**WHAT THE TASK ASKS:** Reproduce the entries from their first line up to and including the line with "理念)。在青鹿智慧教室中,教". Leave out everything after it.

Start of DATA LISTING

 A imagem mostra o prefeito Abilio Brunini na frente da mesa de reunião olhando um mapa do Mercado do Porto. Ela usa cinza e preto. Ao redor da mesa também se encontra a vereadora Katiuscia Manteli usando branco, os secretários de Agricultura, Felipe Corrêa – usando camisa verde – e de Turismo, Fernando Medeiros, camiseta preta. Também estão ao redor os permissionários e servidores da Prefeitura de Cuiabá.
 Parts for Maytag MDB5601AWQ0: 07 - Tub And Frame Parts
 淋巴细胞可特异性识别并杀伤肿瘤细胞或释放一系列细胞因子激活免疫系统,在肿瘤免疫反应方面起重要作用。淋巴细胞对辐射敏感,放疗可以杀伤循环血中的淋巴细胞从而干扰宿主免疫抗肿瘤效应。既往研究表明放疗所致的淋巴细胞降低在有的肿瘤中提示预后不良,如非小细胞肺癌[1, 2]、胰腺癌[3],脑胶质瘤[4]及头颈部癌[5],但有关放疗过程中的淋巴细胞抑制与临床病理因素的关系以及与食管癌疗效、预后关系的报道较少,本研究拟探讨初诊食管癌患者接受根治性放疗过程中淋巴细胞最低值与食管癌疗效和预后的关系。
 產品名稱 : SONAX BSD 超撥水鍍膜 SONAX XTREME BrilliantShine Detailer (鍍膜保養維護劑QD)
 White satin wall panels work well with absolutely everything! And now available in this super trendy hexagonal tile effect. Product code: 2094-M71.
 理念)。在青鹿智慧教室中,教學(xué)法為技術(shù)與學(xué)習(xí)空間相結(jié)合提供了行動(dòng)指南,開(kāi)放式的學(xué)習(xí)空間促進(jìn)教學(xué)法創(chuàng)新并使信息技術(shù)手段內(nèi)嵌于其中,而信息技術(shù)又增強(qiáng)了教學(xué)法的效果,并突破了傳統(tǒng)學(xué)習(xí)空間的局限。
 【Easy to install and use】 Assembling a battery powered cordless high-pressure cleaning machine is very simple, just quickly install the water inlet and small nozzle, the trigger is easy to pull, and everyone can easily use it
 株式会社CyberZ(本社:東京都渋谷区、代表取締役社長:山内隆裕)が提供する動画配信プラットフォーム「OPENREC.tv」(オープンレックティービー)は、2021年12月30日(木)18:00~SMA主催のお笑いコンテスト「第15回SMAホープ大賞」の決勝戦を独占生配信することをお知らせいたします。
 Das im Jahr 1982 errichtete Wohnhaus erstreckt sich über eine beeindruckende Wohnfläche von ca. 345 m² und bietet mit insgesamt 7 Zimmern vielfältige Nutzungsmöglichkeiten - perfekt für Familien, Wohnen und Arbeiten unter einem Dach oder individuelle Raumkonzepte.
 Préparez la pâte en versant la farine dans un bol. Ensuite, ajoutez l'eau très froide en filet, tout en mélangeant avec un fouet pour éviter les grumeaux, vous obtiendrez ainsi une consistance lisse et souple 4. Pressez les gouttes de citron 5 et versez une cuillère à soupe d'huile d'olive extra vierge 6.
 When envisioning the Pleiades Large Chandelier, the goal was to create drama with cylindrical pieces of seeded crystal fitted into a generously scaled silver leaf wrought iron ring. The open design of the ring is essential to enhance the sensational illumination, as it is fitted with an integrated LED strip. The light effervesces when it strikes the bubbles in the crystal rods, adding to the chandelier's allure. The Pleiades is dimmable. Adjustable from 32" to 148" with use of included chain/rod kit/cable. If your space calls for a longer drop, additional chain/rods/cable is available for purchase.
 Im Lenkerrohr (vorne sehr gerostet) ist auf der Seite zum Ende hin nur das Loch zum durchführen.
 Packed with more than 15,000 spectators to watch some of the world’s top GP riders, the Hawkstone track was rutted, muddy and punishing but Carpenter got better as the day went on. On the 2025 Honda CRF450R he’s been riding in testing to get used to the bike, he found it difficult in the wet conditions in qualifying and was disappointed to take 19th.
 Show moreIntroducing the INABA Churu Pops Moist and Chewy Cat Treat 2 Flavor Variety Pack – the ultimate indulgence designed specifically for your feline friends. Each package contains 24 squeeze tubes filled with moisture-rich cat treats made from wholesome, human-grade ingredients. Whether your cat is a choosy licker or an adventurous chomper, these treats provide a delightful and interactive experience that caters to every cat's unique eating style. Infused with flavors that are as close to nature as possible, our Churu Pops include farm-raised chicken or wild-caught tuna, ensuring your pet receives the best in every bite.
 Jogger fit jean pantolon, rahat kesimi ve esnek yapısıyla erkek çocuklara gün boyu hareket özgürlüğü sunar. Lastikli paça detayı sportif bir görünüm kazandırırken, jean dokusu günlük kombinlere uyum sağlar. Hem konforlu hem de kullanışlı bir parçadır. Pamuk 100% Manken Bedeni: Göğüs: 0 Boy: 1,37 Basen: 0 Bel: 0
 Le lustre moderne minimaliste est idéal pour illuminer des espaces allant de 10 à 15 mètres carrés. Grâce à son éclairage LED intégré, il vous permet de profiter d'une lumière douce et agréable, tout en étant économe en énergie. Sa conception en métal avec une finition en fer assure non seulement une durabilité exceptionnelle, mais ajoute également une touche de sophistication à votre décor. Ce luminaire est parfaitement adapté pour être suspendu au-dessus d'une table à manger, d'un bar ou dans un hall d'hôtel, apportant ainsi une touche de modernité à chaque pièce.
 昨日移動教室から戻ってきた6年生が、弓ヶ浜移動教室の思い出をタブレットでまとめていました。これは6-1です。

End of DATA LISTING

**SOLUTION FOR THIS TASK:**
 A imagem mostra o prefeito Abilio Brunini na frente da mesa de reunião olhando um mapa do Mercado do Porto. Ela usa cinza e preto. Ao redor da mesa também se encontra a vereadora Katiuscia Manteli usando branco, os secretários de Agricultura, Felipe Corrêa – usando camisa verde – e de Turismo, Fernando Medeiros, camiseta preta. Também estão ao redor os permissionários e servidores da Prefeitura de Cuiabá.
 Parts for Maytag MDB5601AWQ0: 07 - Tub And Frame Parts
 淋巴细胞可特异性识别并杀伤肿瘤细胞或释放一系列细胞因子激活免疫系统,在肿瘤免疫反应方面起重要作用。淋巴细胞对辐射敏感,放疗可以杀伤循环血中的淋巴细胞从而干扰宿主免疫抗肿瘤效应。既往研究表明放疗所致的淋巴细胞降低在有的肿瘤中提示预后不良,如非小细胞肺癌[1, 2]、胰腺癌[3],脑胶质瘤[4]及头颈部癌[5],但有关放疗过程中的淋巴细胞抑制与临床病理因素的关系以及与食管癌疗效、预后关系的报道较少,本研究拟探讨初诊食管癌患者接受根治性放疗过程中淋巴细胞最低值与食管癌疗效和预后的关系。
 產品名稱 : SONAX BSD 超撥水鍍膜 SONAX XTREME BrilliantShine Detailer (鍍膜保養維護劑QD)
 White satin wall panels work well with absolutely everything! And now available in this super trendy hexagonal tile effect. Product code: 2094-M71.
 理念)。在青鹿智慧教室中,教學(xué)法為技術(shù)與學(xué)習(xí)空間相結(jié)合提供了行動(dòng)指南,開(kāi)放式的學(xué)習(xí)空間促進(jìn)教學(xué)法創(chuàng)新并使信息技術(shù)手段內(nèi)嵌于其中,而信息技術(shù)又增強(qiáng)了教學(xué)法的效果,并突破了傳統(tǒng)學(xué)習(xí)空間的局限。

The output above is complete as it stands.